# Expressive power of first-order category theory

Given the signature $\lbrace \mathsf{dom}, \mathsf{cod}, \mathsf{id},\circ \rbrace$ and the axioms of category theory – which are expressible in the signature's first-order (FO) language – I wonder

• which (relevant) properties of categories as a whole
• which properties of and relations between individuals (= objects and morphisms) inside a category
• which other concepts and constructions

are expressible in category theory's first-order language – and which are genuinely not.1

(For graph theory there is a highly elaborate investigation of expressibility of properties in different languages - FO, SO, MSO - basically driven by Bruno Courcelle.)

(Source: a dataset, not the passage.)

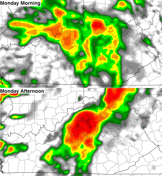 The storms for Monday look to be a bit more prominent and that shows up well on the high res NAM simulated radar…

The following properties are easily seen to be FO-expressible:

• being a initial/terminal object

• being a product/coproduct

• being a monic/epic (morphism)

• being a groupoid (category)

What - among other things - is not clear to me is how being a subobject of $A$ might be FO-expressible? Officially a subobject of a given object $A$ is a specific equivalence class of morphisms with codomain $A$ (as a subclass of individuals this is not an FO-definable individual) which corresponds naturally to an isomorphism class of objects (ditto). But maybe being an element of this isomorphism class is FO-expressible, eventually?

This becomes interesting when we ask if being connected is a FO-expressible property of objects (= graphs) in the category of finite graphs:

Connected graphs are the noninitial objects in the category of finite graphs that can not be expressed as a coproduct of two nonempty subobjects.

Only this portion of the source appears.